### Given data
Segment Open

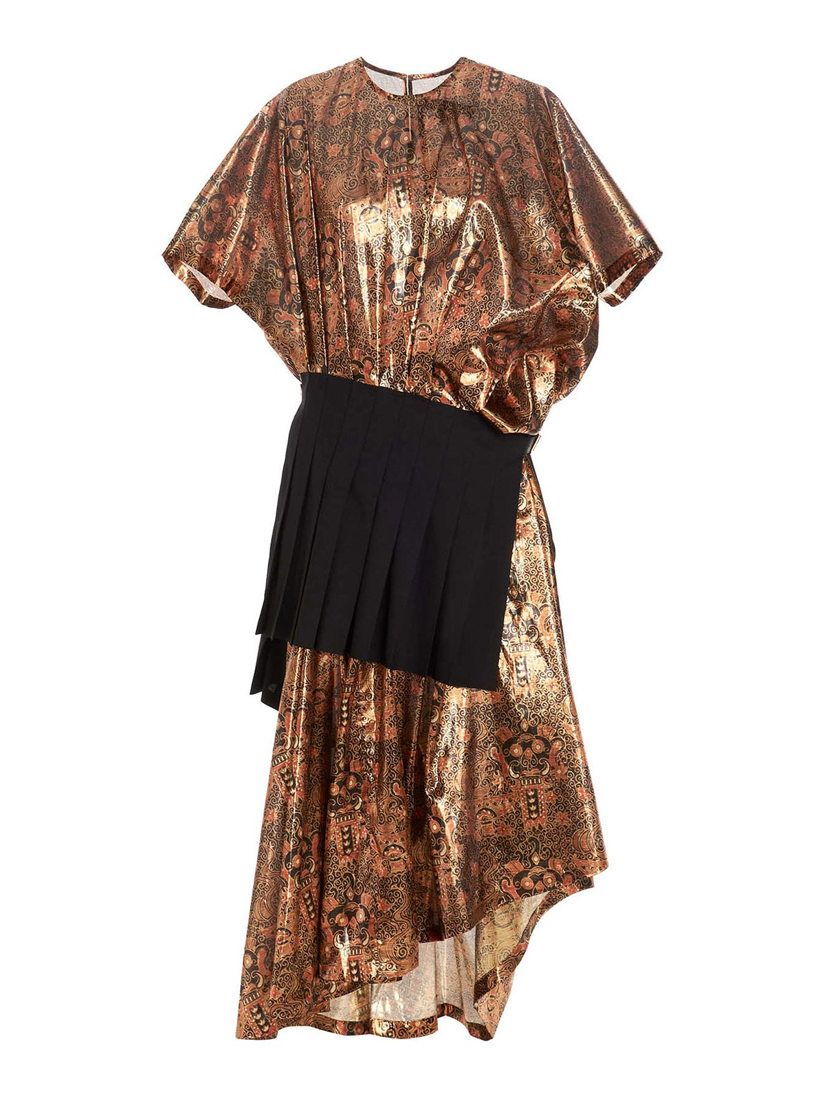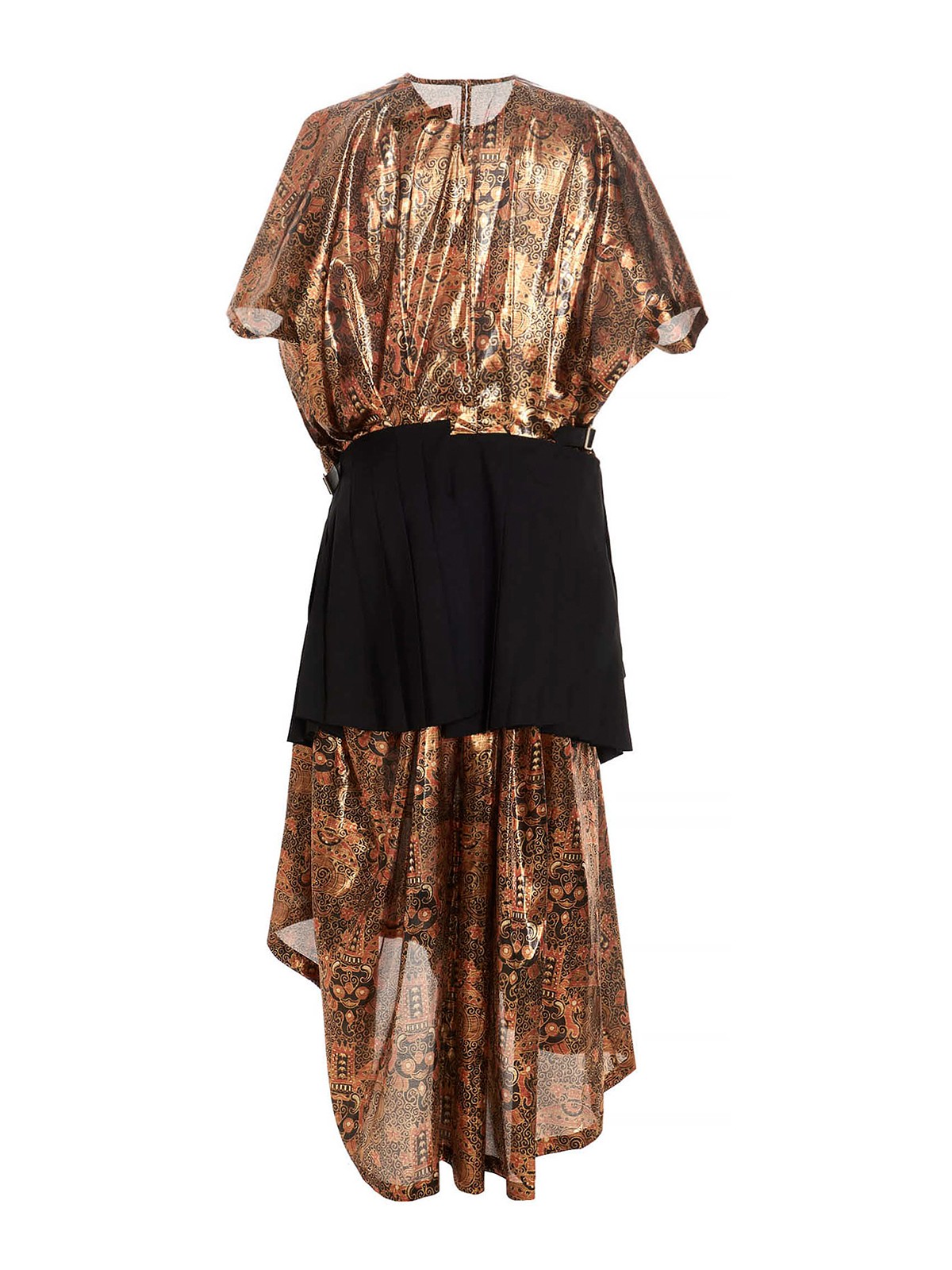 Langes, asymmetrisches Kleid mit Rundhalsausschnitt und kontrastierendem Wolleinsatz
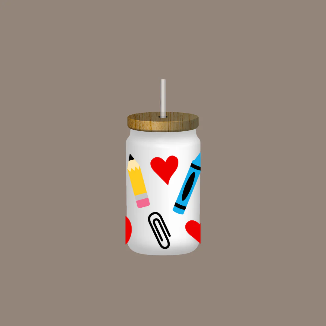 Ce verre réutilisable de 16 oz avec paille met en vedette de jolies illustrations d’articles scolaires : trombones, crayons de couleur, cœur et crayon de bois – un design vibrant et joyeux qui célèbre la passion de nos profs.
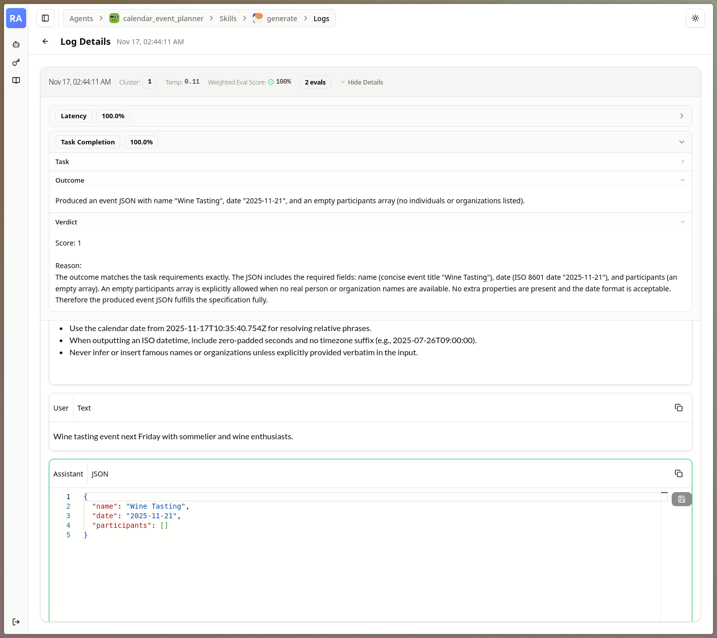 What do you do next? Will you ask for every single conversation testers are having and manually ensure that no hallucinations occur? Do you instead build and ship a performance suite within the app to track the response quality?
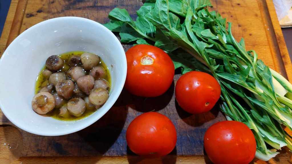 … de tomates, de chicorée de Catalogne, de quelques muscaris (petits bulbes comestibles au goût légèrement amer)…
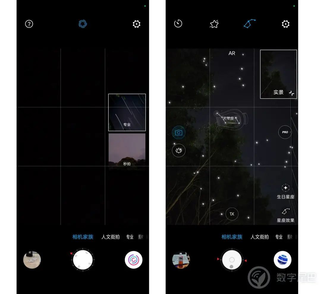 在相机家族里面,我们可以简单通过这些已经预设好的模式实现复杂的拍摄效果。例如经典的星轨和星空模式,除了能够通过长曝光拍摄之外,也有秒拍功能通过 AI 的形式实现星轨照片,甚至星空拍摄里面还有 AR 星座定位,方便用户找到具体的星座位置进行拍摄。
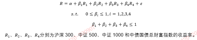 净值回归法是通过将基金净值增长率对不同的市场规模指数进行带有约束的多元线性回归,将基金的收益分解到不同指数收益上,从而得到基金仓位的估计值。模型方程及约束条件如下,其中,R为基金的复权单位净值增长率:
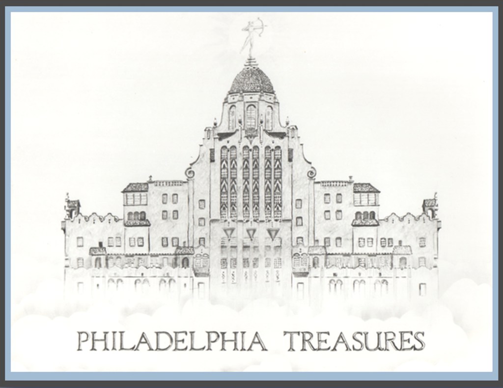 In this 17" x 25" drawing, I chose to float the building's astonishing Moorish crown above the clouds, and imported Diana, Goddess of The Hunt, from The Philadelphia Museum Of Art. She conjures as a whiff of smoke, offering a hope and prayer that someone with money and good taste might invest in the building.

Segment Closed

### Task to carry out
When you reach the line with "Ce verre réutilisable" in the records above, begin repeating the lines exactly, and stop after the line with "净值回归法是通过将基金净值增". Skip all pictures.

### Solved problem
 Ce verre réutilisable de 16 oz avec paille met en vedette de jolies illustrations d’articles scolaires : trombones, crayons de couleur, cœur et crayon de bois – un design vibrant et joyeux qui célèbre la passion de nos profs.
 What do you do next? Will you ask for every single conversation testers are having and manually ensure that no hallucinations occur? Do you instead build and ship a performance suite within the app to track the response quality?
 … de tomates, de chicorée de Catalogne, de quelques muscaris (petits bulbes comestibles au goût légèrement amer)…
 在相机家族里面,我们可以简单通过这些已经预设好的模式实现复杂的拍摄效果。例如经典的星轨和星空模式,除了能够通过长曝光拍摄之外,也有秒拍功能通过 AI 的形式实现星轨照片,甚至星空拍摄里面还有 AR 星座定位,方便用户找到具体的星座位置进行拍摄。
 净值回归法是通过将基金净值增长率对不同的市场规模指数进行带有约束的多元线性回归,将基金的收益分解到不同指数收益上,从而得到基金仓位的估计值。模型方程及约束条件如下,其中,R为基金的复权单位净值增长率:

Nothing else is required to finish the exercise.